__DATA PROVIDED__.
== == ==
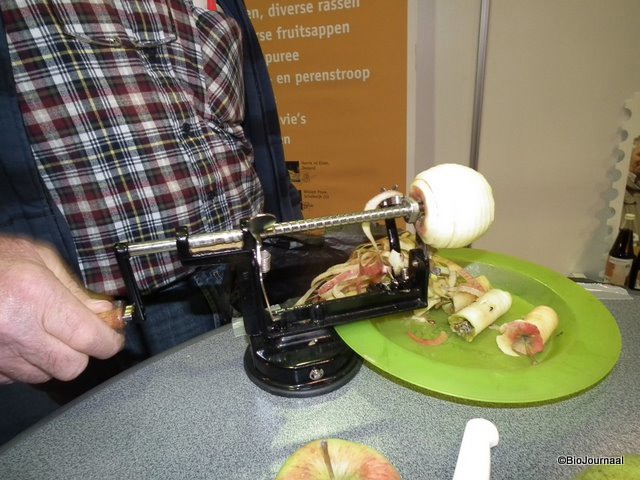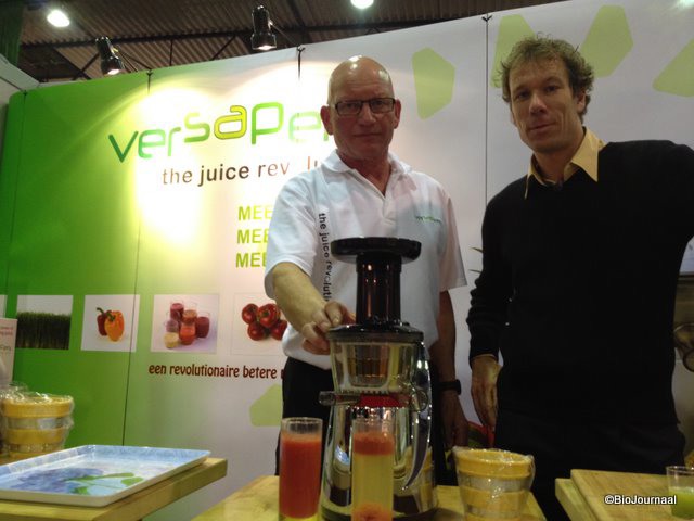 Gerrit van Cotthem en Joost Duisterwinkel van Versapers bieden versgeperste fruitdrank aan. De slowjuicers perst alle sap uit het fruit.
== == ==
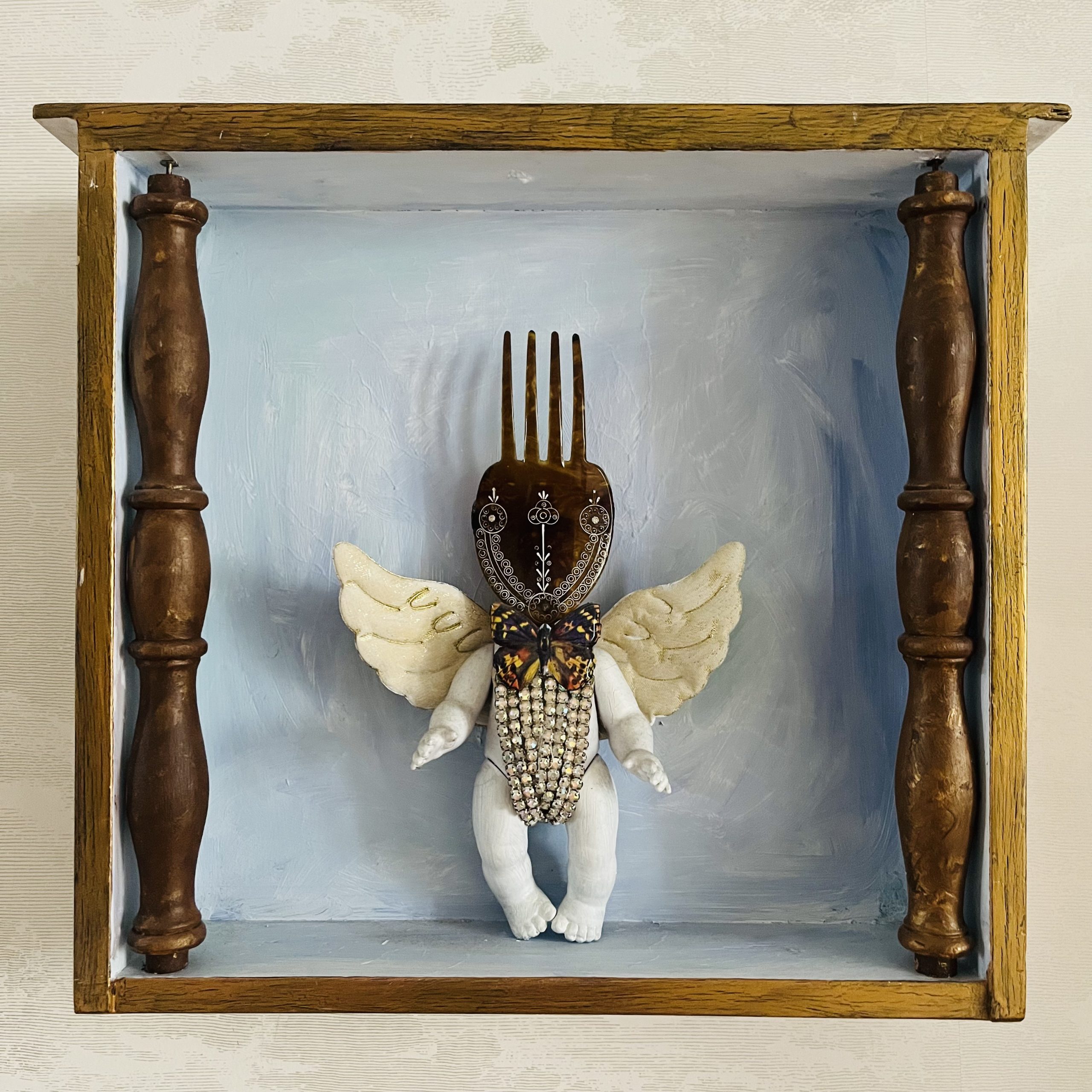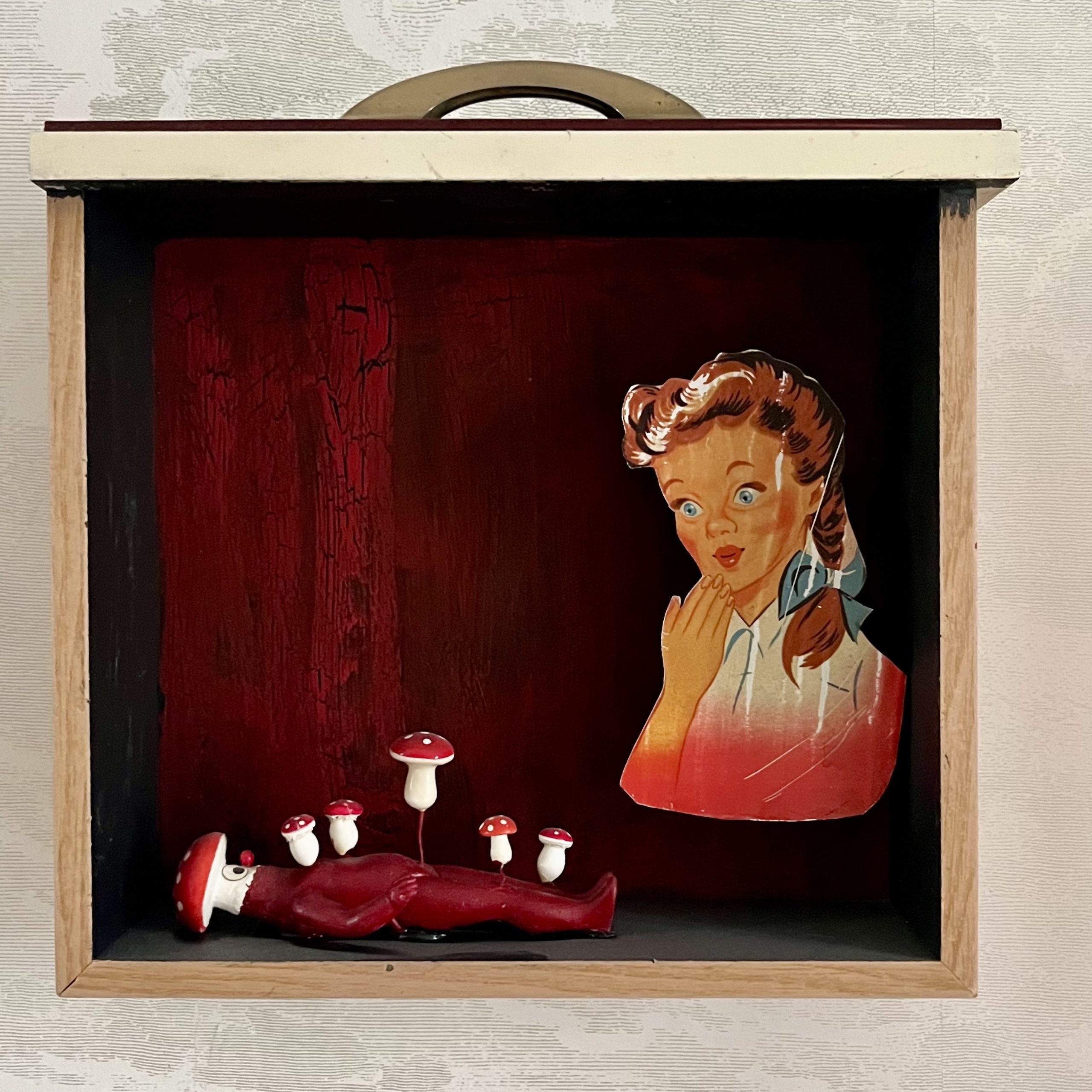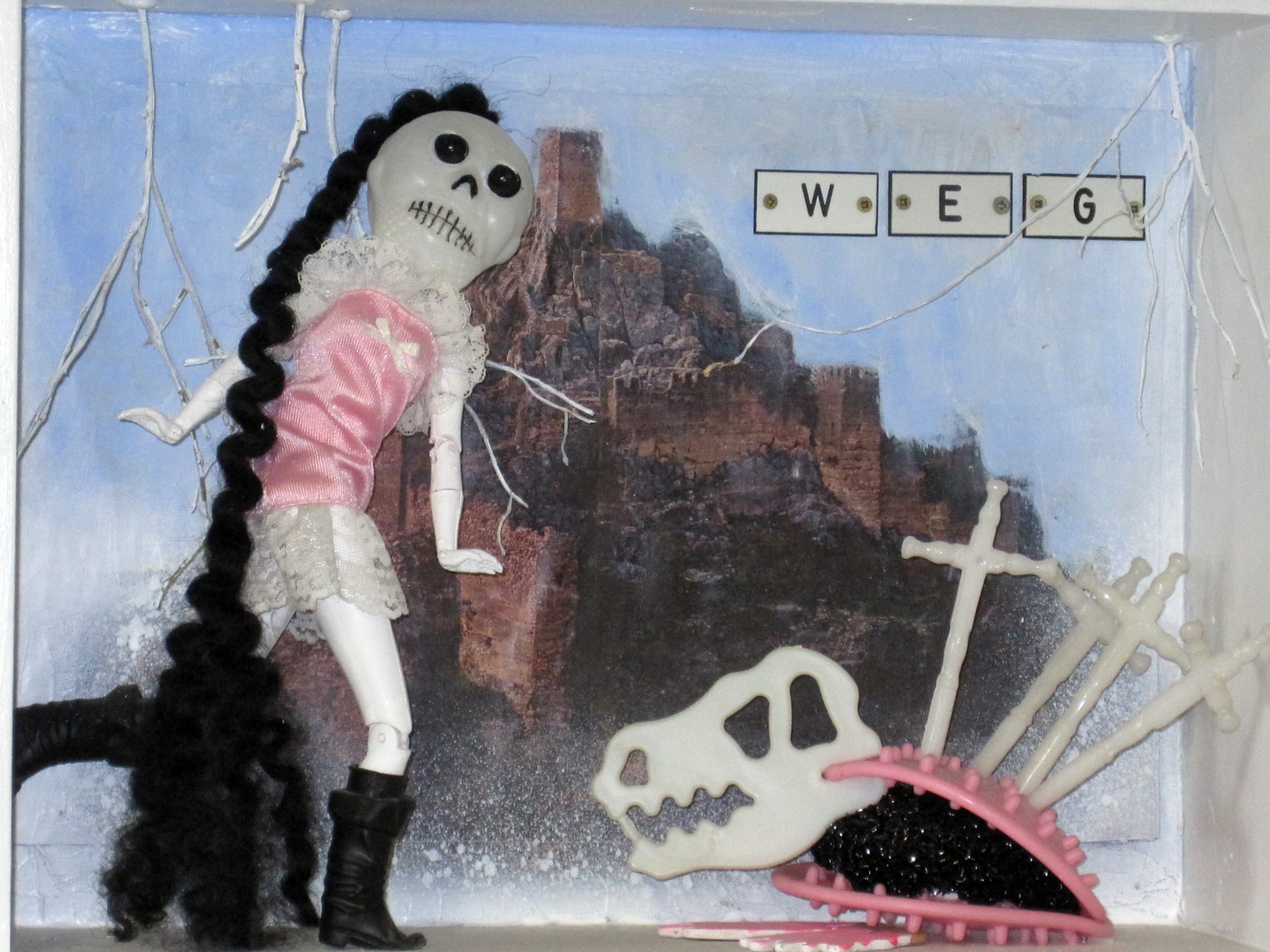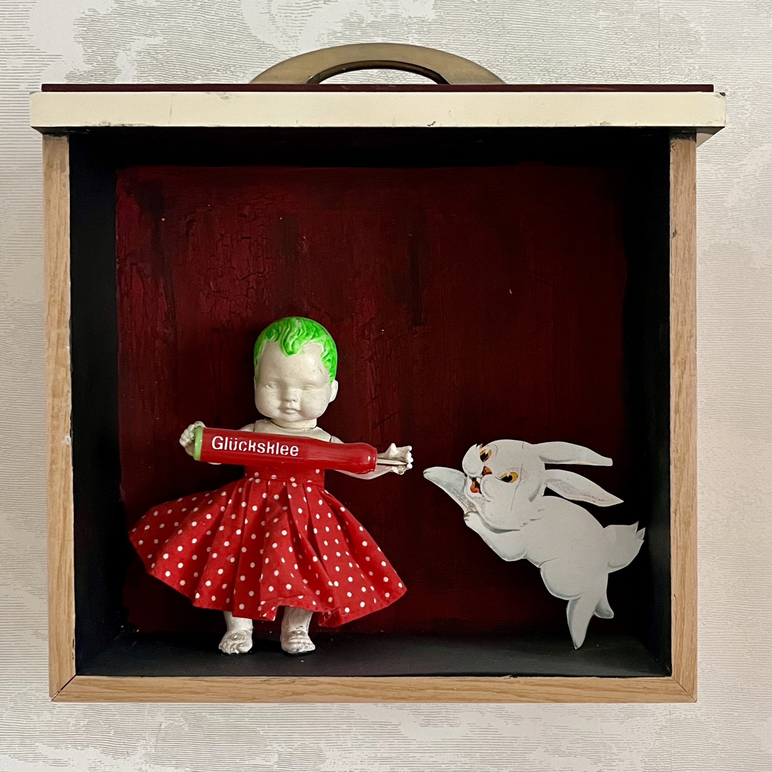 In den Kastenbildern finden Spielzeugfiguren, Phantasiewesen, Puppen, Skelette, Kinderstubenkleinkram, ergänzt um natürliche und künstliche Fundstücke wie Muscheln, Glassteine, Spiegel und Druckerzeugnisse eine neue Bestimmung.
== == ==
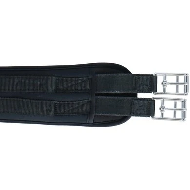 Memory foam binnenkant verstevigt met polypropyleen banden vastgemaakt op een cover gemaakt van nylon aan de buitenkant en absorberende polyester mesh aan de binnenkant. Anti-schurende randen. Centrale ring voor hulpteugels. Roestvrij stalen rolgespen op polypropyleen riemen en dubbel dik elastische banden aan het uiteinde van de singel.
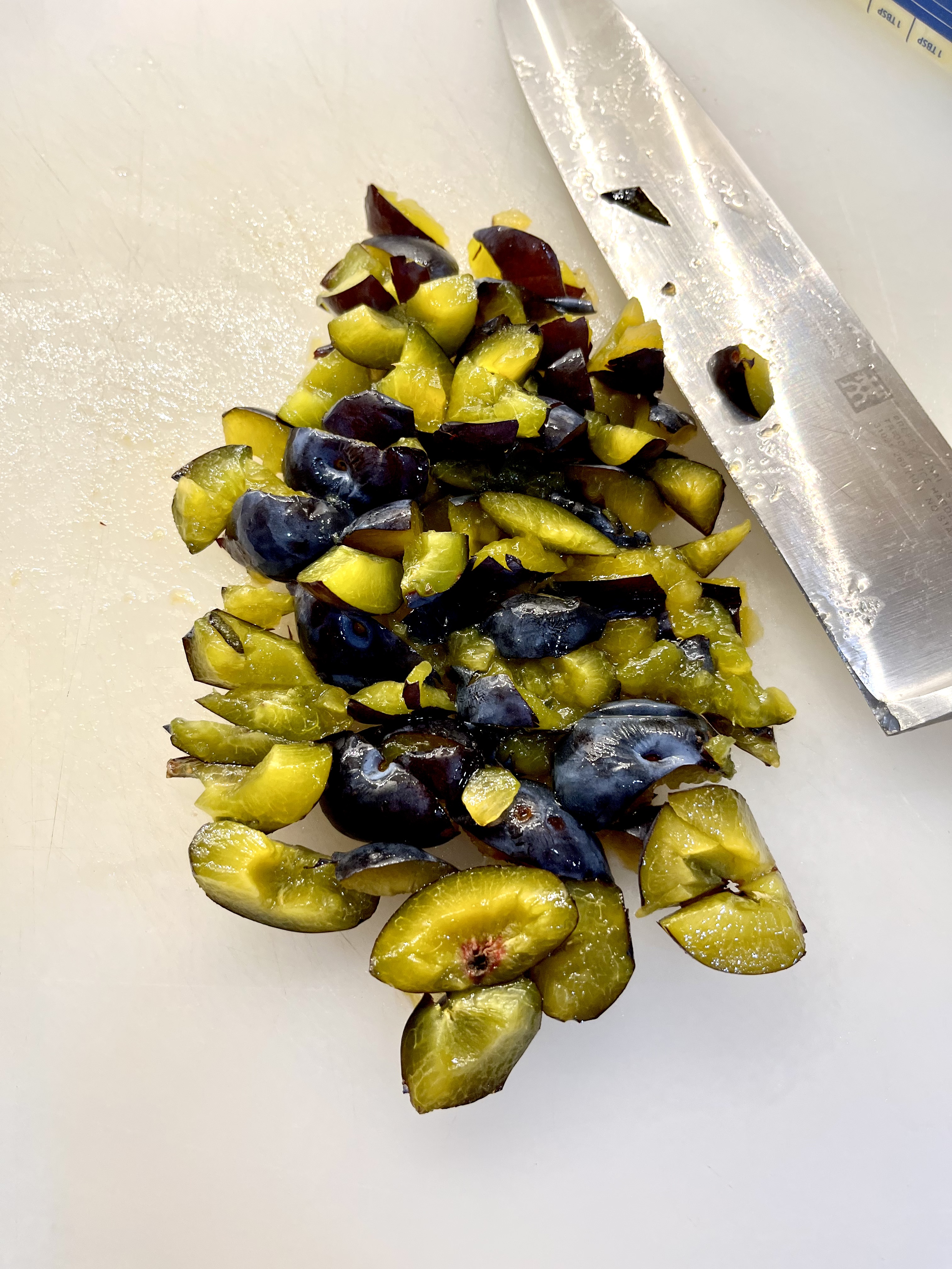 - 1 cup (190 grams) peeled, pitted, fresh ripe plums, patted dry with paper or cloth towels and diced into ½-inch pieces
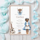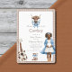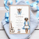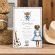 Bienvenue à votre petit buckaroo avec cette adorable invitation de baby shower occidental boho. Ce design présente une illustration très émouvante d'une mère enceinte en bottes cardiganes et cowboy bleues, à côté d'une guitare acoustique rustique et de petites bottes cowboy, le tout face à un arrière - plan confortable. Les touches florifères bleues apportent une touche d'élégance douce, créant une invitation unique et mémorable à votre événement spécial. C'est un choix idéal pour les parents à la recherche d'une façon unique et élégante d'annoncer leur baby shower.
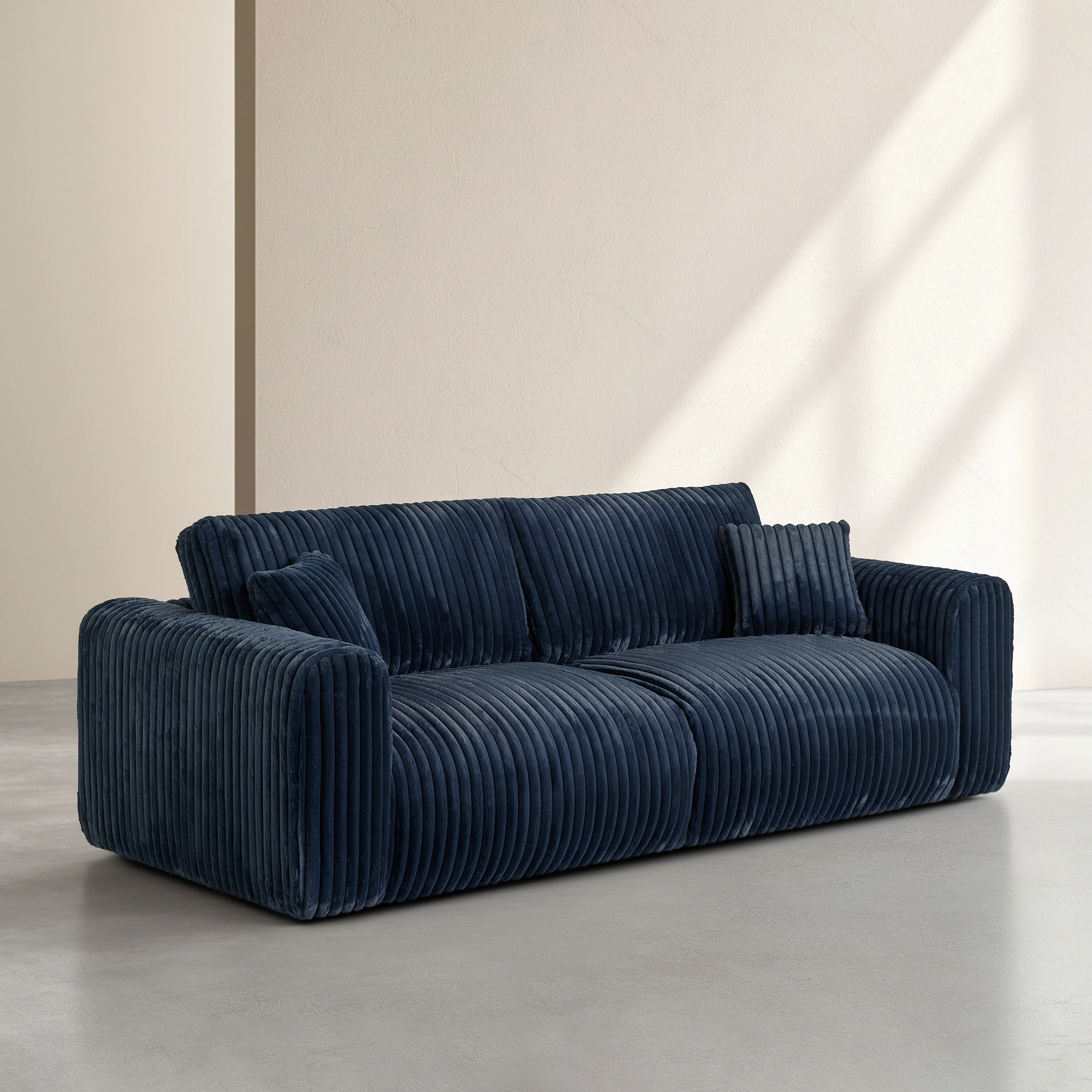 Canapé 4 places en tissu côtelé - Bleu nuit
== == ==
__WORK ORDER__.
The material above holds pictures; leave them out and set down exactly the lines from the line with "Bienvenue à votre" to the line with "Canapé 4 places en tissu côtelé - Bleu nuit", both included.

__EXERCISE ANSWER__.
 Bienvenue à votre petit buckaroo avec cette adorable invitation de baby shower occidental boho. Ce design présente une illustration très émouvante d'une mère enceinte en bottes cardiganes et cowboy bleues, à côté d'une guitare acoustique rustique et de petites bottes cowboy, le tout face à un arrière - plan confortable. Les touches florifères bleues apportent une touche d'élégance douce, créant une invitation unique et mémorable à votre événement spécial. C'est un choix idéal pour les parents à la recherche d'une façon unique et élégante d'annoncer leur baby shower.
 Canapé 4 places en tissu côtelé - Bleu nuit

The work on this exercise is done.